Lutton noted that in order to participate, residents not only need to meet income or other definitions of environmental justice and underserved communities, but need to have roofs and wiring systems up to code, internet access to process the ongoing renewable energy credit accounting, and other structural requirements. Since Certasun works only with single-family homes, they also must be homeowners, though Illinois Solar for All also has provisions for multifamily dwellings.
Illinois Solar for All also includes a clean energy job training component, wherein community organizations host solar academies and help trainees get certified at no cost to participants. At least two of the Certasun employees who installed the Illinois Solar for All projects went through these trainings.
Rodrigo Rico, 27, saw that the solar industry was poised to blossom in the Midwest after he moved here from Mexico, and he wanted to be part of it. He went through the training program at the National Latino Education Institute last year.
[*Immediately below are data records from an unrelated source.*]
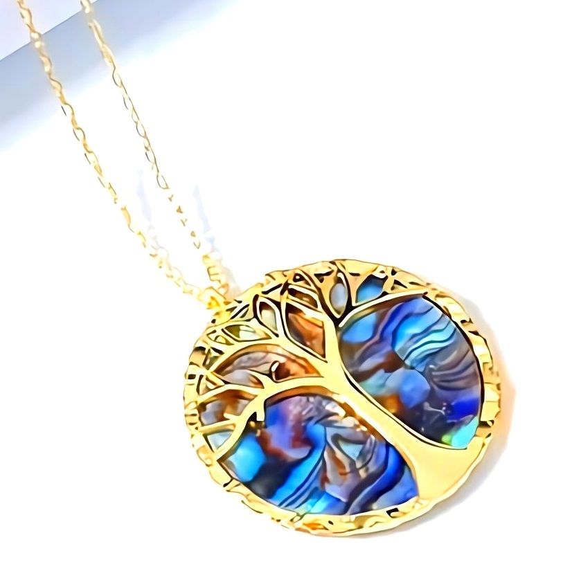 こちら黄金の世界樹彫刻に虹色の天然アワビ貝パールが美しいK18GFゴールドネックレスになります。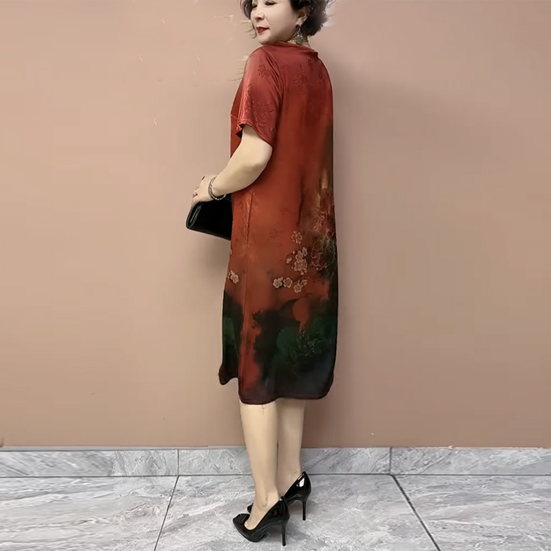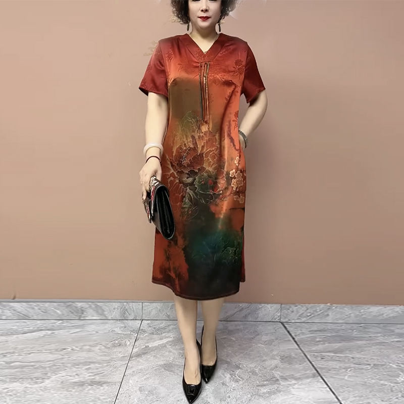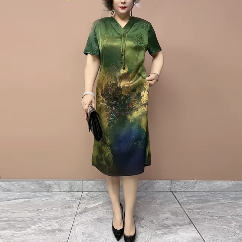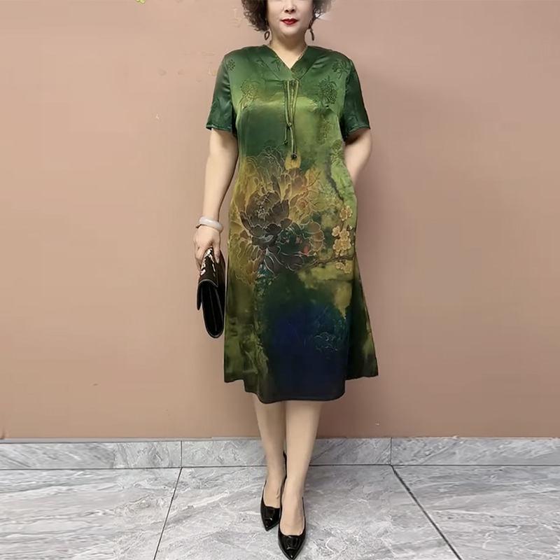高档真丝连衣裙气质妈妈桑蚕丝印花新中式旗袍裙定位花显瘦长裙女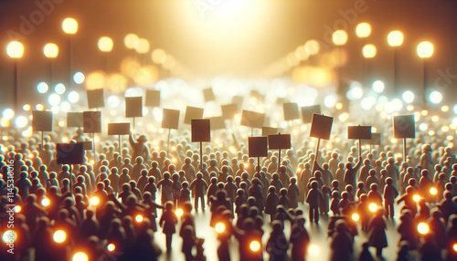 3D Soft focus rally crowd with glowing signs concept as Wide shot of a blurred rally crowd holding glowing signs. Camera slowly pans across the scene capturing the energy and scale of the gathering. B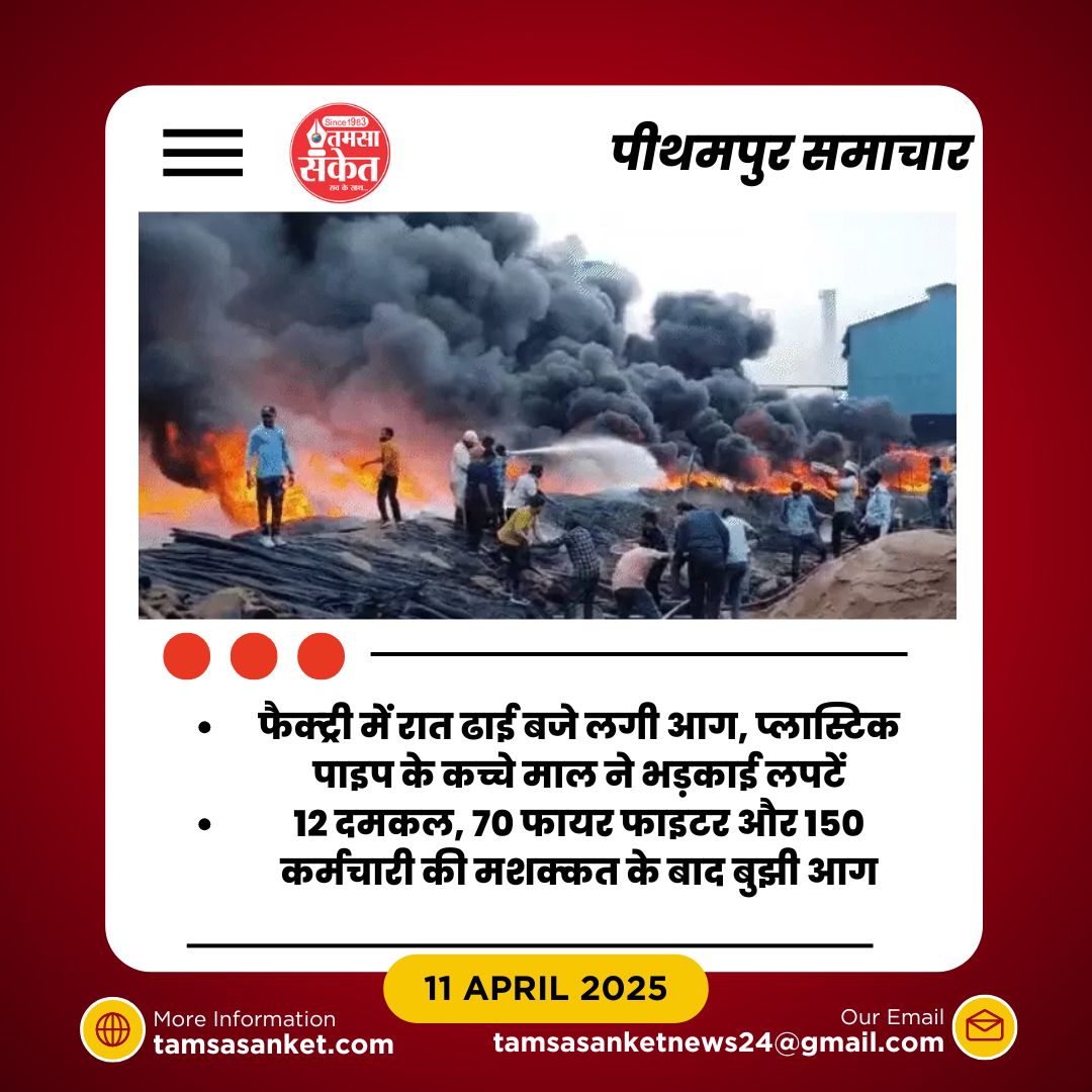 पीथमपुर। धार के पीथमपुर इंडस्ट्रियल एरिया स्थित सिग्नेट पाइप फैक्ट्री में गुरुवार- शुक्रवार देर रात आग लग गई। आग पर काबू पाने में 9 घंटे लगे। दमकल की 12 गाड़ियों, 1000 लीटर फोम और 25 डंपर रेत का इस्तेमाल किया गया। आसपास की फैक्ट्रियों को बचाने के लिए जेसीबी से मिट्टी-रेत की दीवार बनाई गई।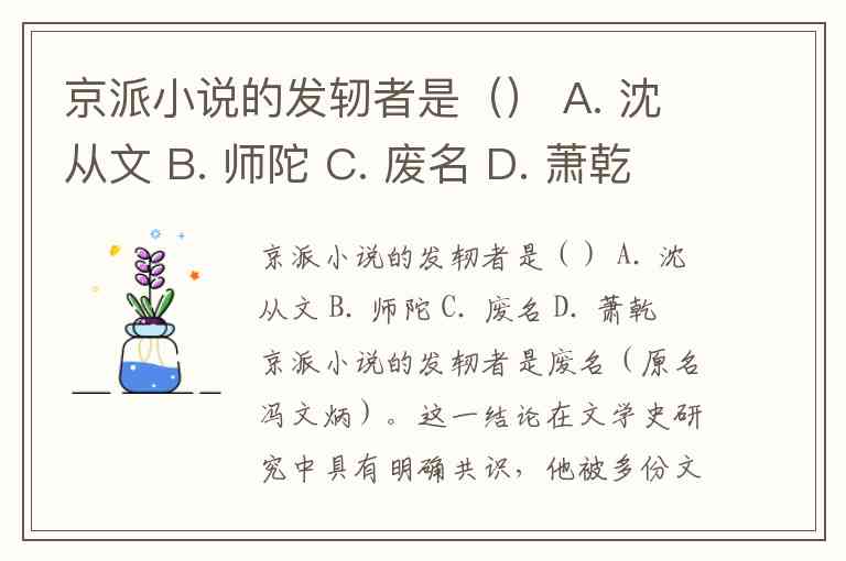 京派小说的发轫者是() A. 沈从文 B. 师陀 C. 废名 D. 萧乾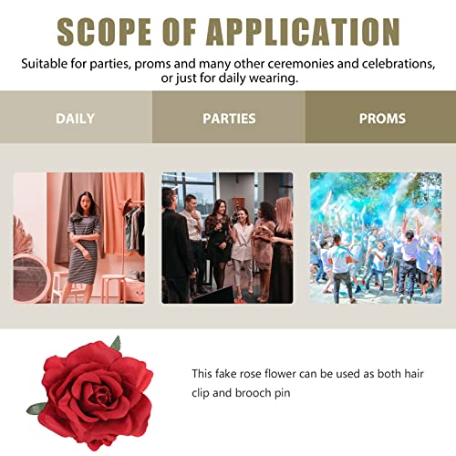 Fermaglio per capelli 2 in 1 a forma di rosa artificiale, grande, a forma di fiore, da donna, per feste (Dull Red)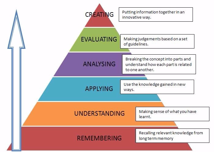 The Cognitive Domain of Bloom’s taxonomy consists of six hierarchical levels of learning. While educators, strive for students to reach the highest levels of learning at the top of the pyramid, all levels of learning depend on a solid foundation of those that come below.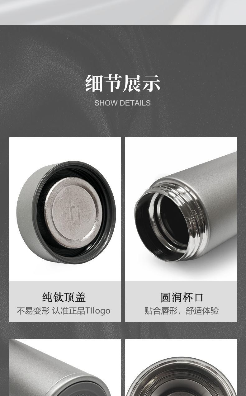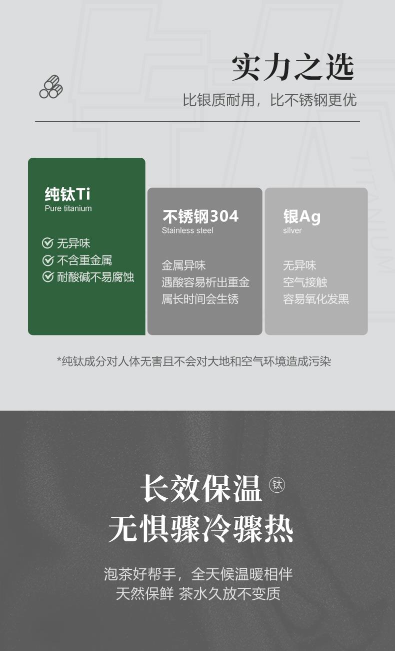 材 質(zhì):純鈦 規(guī) 格:205mm 容 量:480ml 裝 箱 數(shù):20pcs/箱 包裝尺寸:110*260*85mm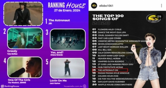 진의 '디 애스트로넛'은 최근 멕시코 '하우스 라디오(House Radio)'에서 진행한 'Rankig House TOP30' 차트에서 총 17번째 1위를 달성했다.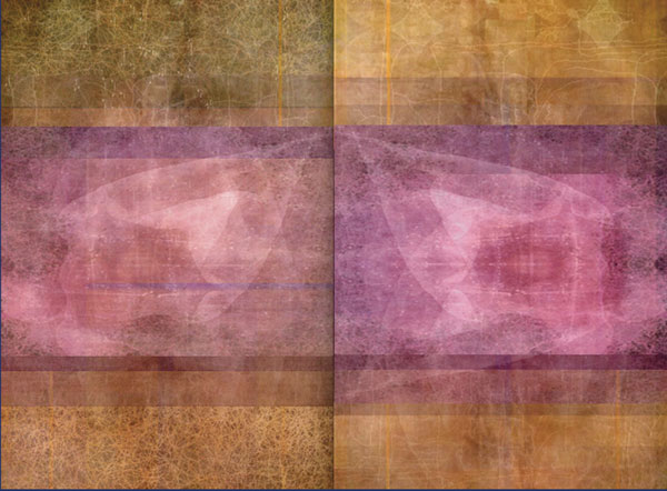 The paintings in Odyssey pandemOnium, featured throughout this issue, are conceptually situated within Nechvatal’s immersive noise theory. They not only reflect the virtual and the actual (what he calls viractual) but also his understanding of noise theory in an “immersive noise consciousness,” which “distorts and disturbs crisp signals of cultural communications.” Nechvatal adds that “They make use of a complicated turmoil produced from close exchanges within figure/ground relationships that challenge us to think outside of the normal system of human perception.” Classically rendered figures are embedded within a complex and subtle ground in such a manner that the normal figure/ground relationship more or less merges. Painted on suede-like velour canvas, the colors are dusty and muted, underlining the fugitive nature of the floating and migrating imagery. That double intricacy elicits a sense of being misplaced and adrift. The viewer’s eye must navigate the visual pandemonium in a way that suggests Odysseus’s wanderings. Present in the paintings is a partially hidden world of distant places and people, hints of classical sumptuousness and visual order, lost and at ideological drift, searching for scenic alternatives.
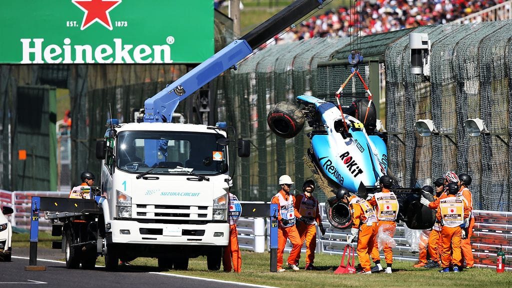 Williams-talli joutuu vaihtamaan Robert Kubican auton rungon Japanin GP:n alla puolalaiskuskin törmättyä seinään aika-ajoissa.
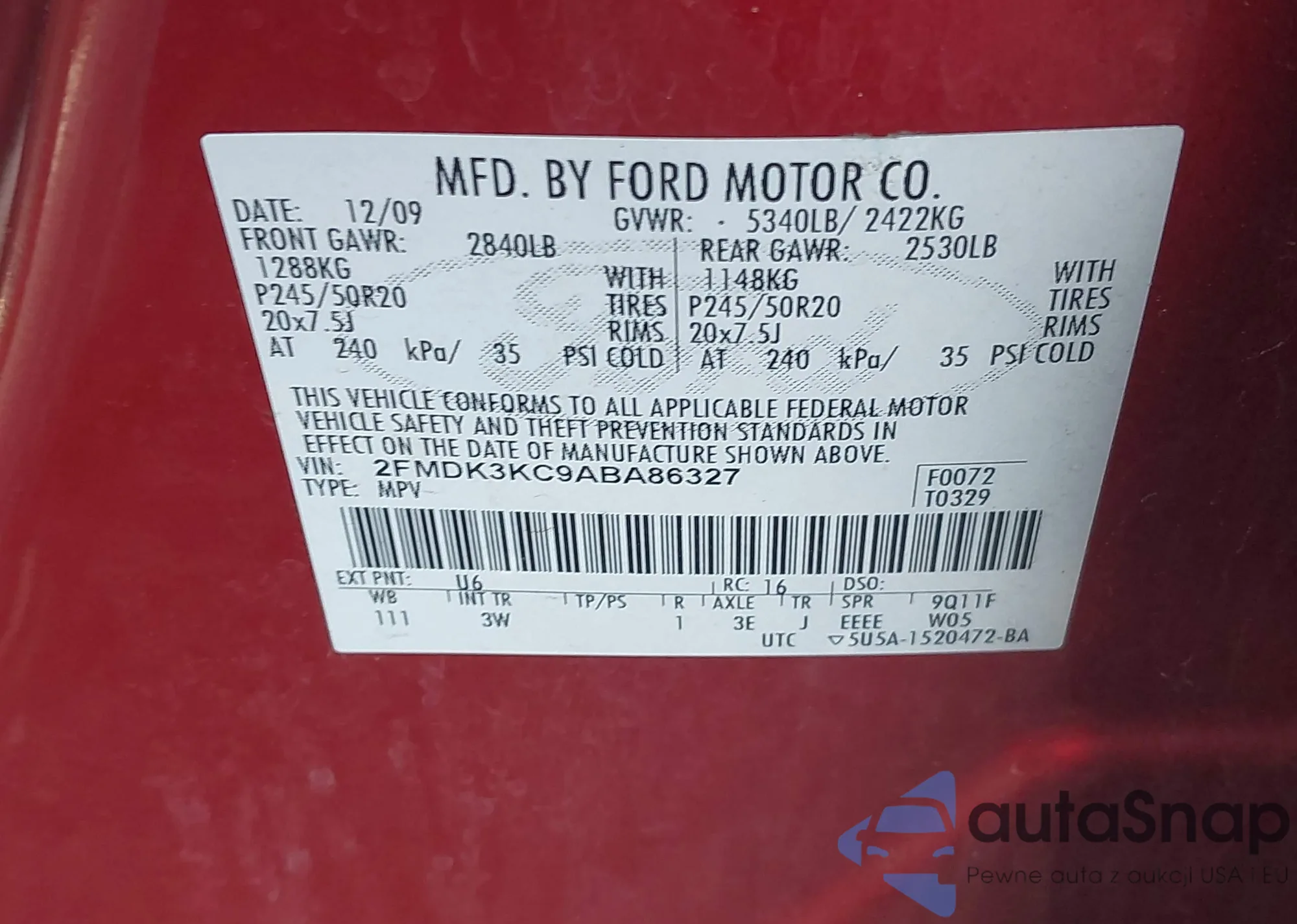 LOT: 42117319 VIN: 2FMDK3KC9ABA86327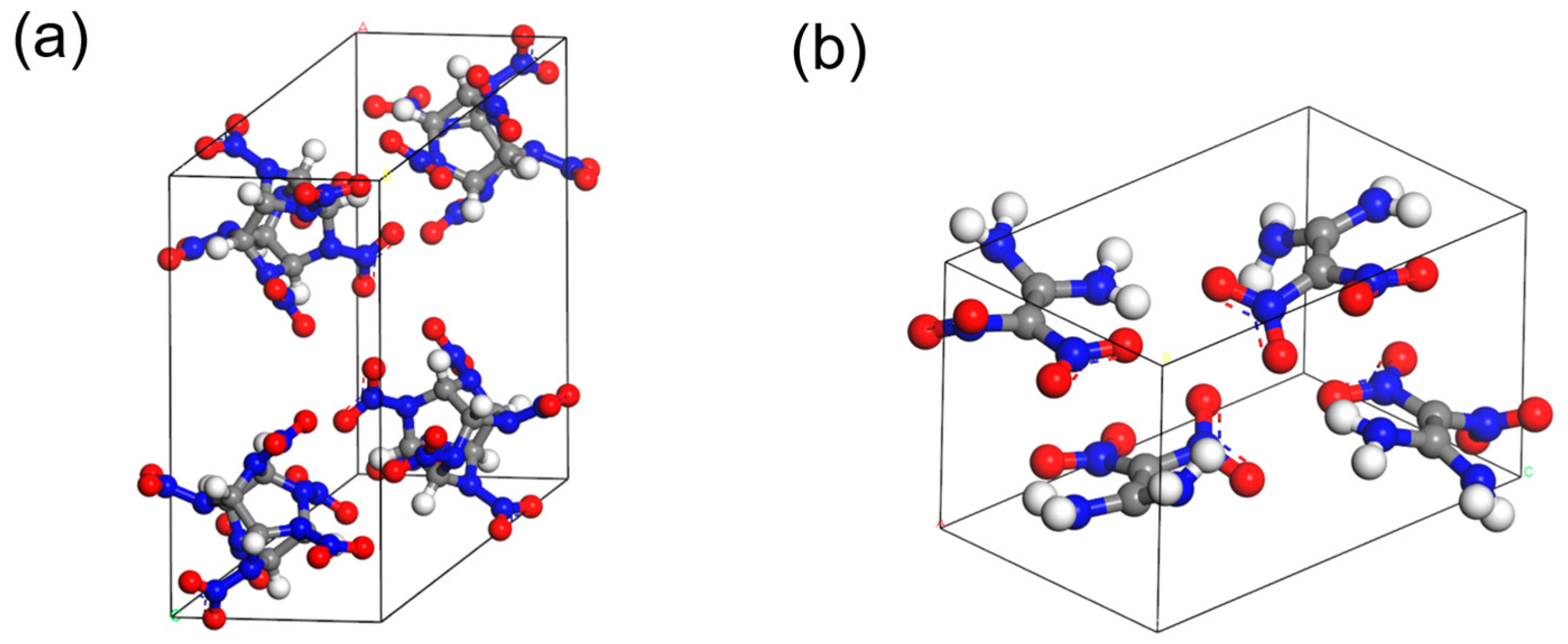 - Wu, Z.; Shu, Y.; Liu, N.; Ding, X.-Y.; Wu, M.-J.; Wang, K.; Wang, B.; Lu, Y.-Y. Molecular dynamics simulation of CL-20/FOX-7 eutectic. Chin. J. Explos. Propellants 2016, 39, 37–42. [Google Scholar]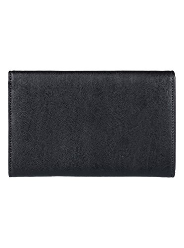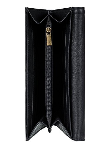 Faux leather wallet for women. Features include: faux leather, deboss artwork on the front panel, metal snap closure, interior zip, card slots, Roxy metal plaque and size: 4.72 [h] x 7.48 [w] x 1.377 [d]/12 [h] x 19 [w] x 3.5 [d] cm.
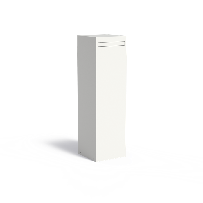 De brievenbus heeft een brievenklep aan de voorkant en een deur met slot aan de achterkant, waar de post wordt verameld. De brievenbus is gemaakt van wit gelakt aluminium (RAL9016, mat). Op verzoek kan het slot worden vergangen door een ander model.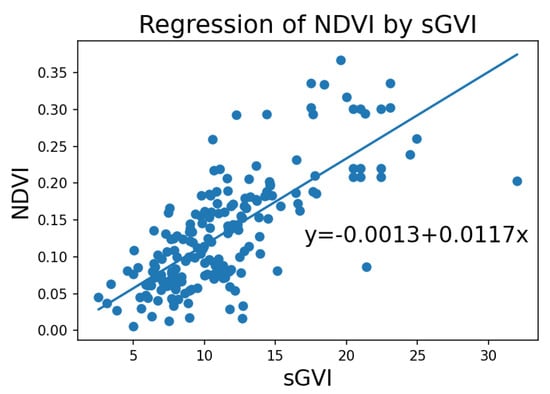 Regression of NDVI by sGVI. Explanatory variable is NDVI, and independent variable: sGVI.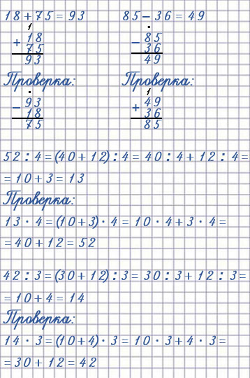 | 18 + 75 = 93 Проверка 93 - 18 = 75 или 93 - 75 = 18 | 28 • 3 = 84 Проверка 84 : 3 = 28 или 84 : 28 = 3 |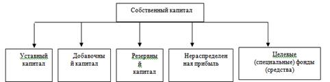 Собственный капитал состоит из уставного, добавочного и резервного капитала, нераспределенной прибыли и целевых (специальных) фондов (рис.). Коммерческие организации, функционирующие на принципах рыночной экономики, как правило, владеют коллективной или корпоративной собственностью.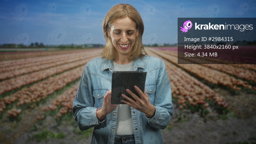 Woman smiling and tapping tablet screen, hands visible holding device while standing before a tulip field backdrop in a studio; joy connection.

Now he said he earns more in solar than in his previous construction work, and he sees it as a growing opportunity for the future.
Kevin Perry, 29, previously a manager for the Chicago Park District, said he wanted to learn more about solar since “I try to live an eco-friendly lifestyle.” He went through the training hosted by the Chicago Urban League.
“I love it, I love it,” Perry said. “The team I work with, the company I work for, Certasun, they’re literally the best employers I’ve ever worked for. It’s an amazing program, it’s really going to be impactful and help a lot of people.”
Perry is looking to buy his own home before long, and he plans to install solar.
Earl, who works with at-risk youth, invited neighbors to come watch the installation on June 26.
“I’ve spread the news,” she said. “We may see some more solar on my block. I’ll do my best to get as many people in the program, or to convert them, as I like to say.”